Outro reflexo apontado pela Anatrip é o fim do caráter de regularidade do serviço, pois as empresas passarão a realizar as viagens só depois que a lotação assegurar a sua rentabilidade. A associação afirma ainda que a obrigação das empresas de fazerem a contínua renovação de suas frotas de ônibus seria extinta.
Os empresários criticam ainda a afirmação de que promovem um monopólio no setor. Argumentam que, em 2.014, o sistema interestadual era operado por 168 empresas, por meio de 54.766 ligações e transportava 99 milhões de passageiros por ano.
Dados de 2018 mostram que o sistema era operado por 217 empresas, com 89.137 ligações e transporte 84 milhões de passageiros.
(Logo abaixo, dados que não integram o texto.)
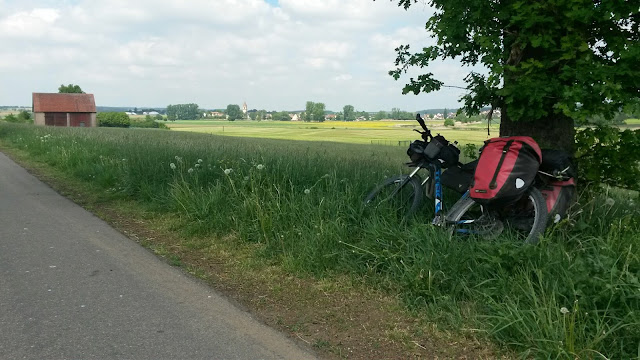 30 km vor Rothenburg begann es zu regnen und zu gewittern. Was tun? Bei warmem Wetter Regensachen anziehen über Klamotten, die staubig und verschwitzt sind und dringend gewaschen gehören? Nicht wirklich prickelnd.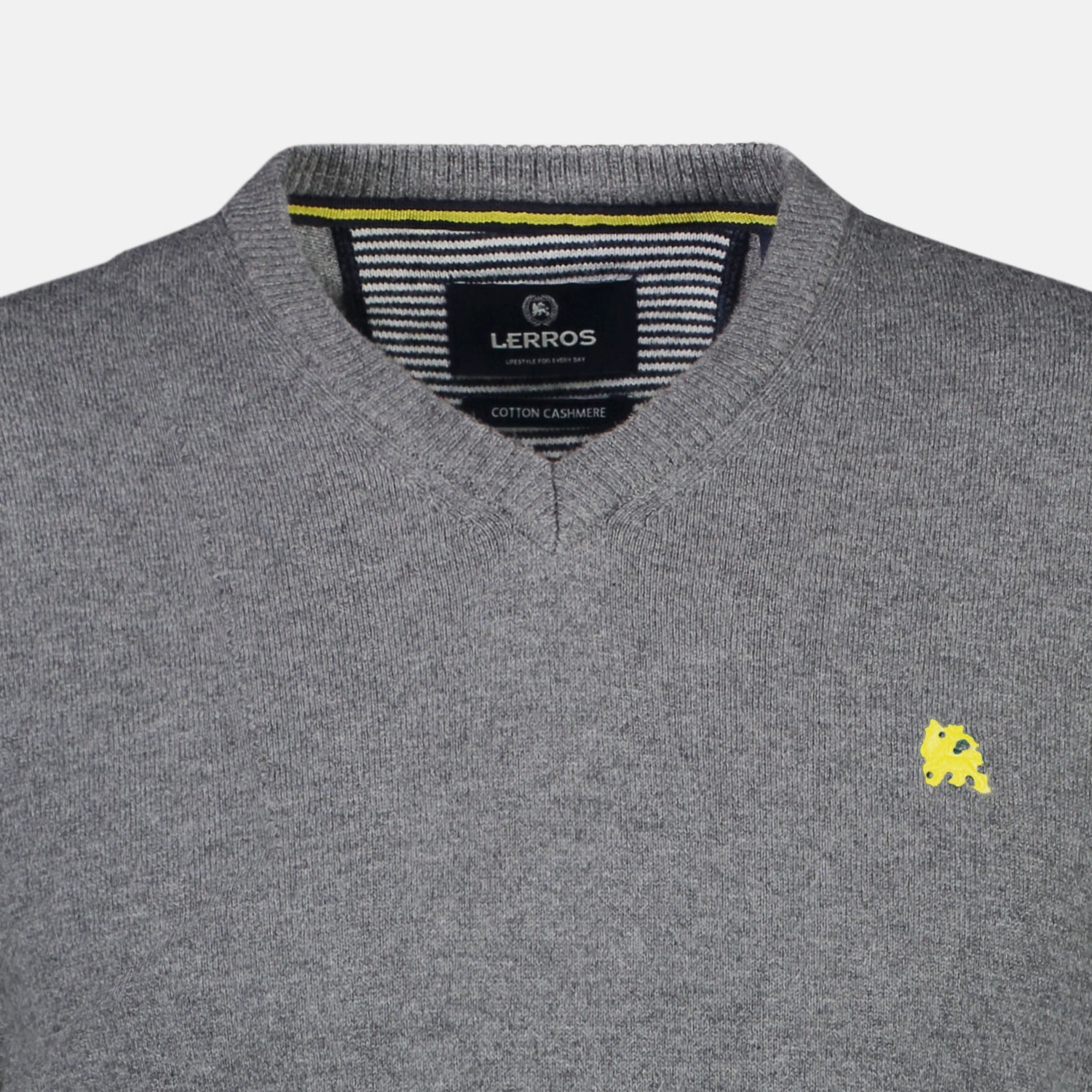 Lerros pullover met V-hals. Deze basic Lerros trui heeft sportieve ribboorden en is gemaakt van een lichte brei kwaliteit met kasjmier.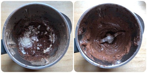 Es el momento de añadir la harina, el cacao amargo, una pizca de sal, la levadura y la leche. Amasar todo durante 40 segundos a velocidad 5, recogiendo la mezcla hacia el centro del vaso después de los primeros 20 segundos.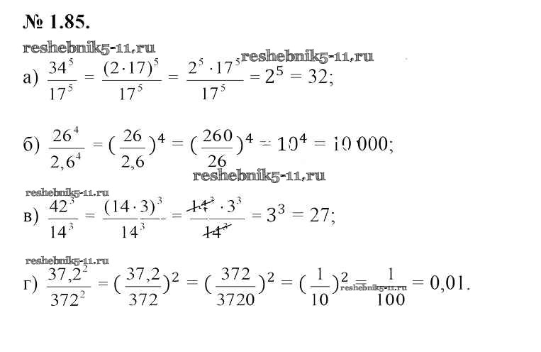 Готовая домашняя работа с ответами по Алгебре за 7 класс Арефьева, Пирютко Учебник Народная асвета 2017 - Глава 1 1.85
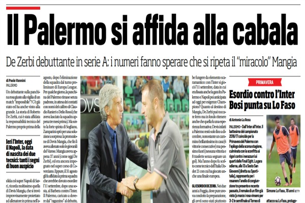 Corriere dello Sport: “Il Palermo si affida alla cabala. De Zerbi debuttante in serie A: i numeri fanno sperare che si ripeta il “miracolo” Mangia”

"Embora a demanda de passageiros tenha diminuído cerca de 16%, a oferta de serviço aumentou 62% e a quantidade de operadores, também aumentou cerca de 30%", diz Clayton Vidal.
A Associação Brasileira das Empresas de Transporte Terrestre de Passageiros (Abrati), que também representa as empresas, declarou que "confia na capacidade de diálogo e construção dos Poderes Legislativo e Executivo em formatar o regime jurídico que atenda aos anseios da sociedade, aos direitos e à segurança dos passageiros".
Segundo a associação, "o Brasil passa por um momento de enormes desafios e a segurança jurídica e previsibilidade regulatória são valores irrenunciáveis para que haja investimentos e preservação de empregos".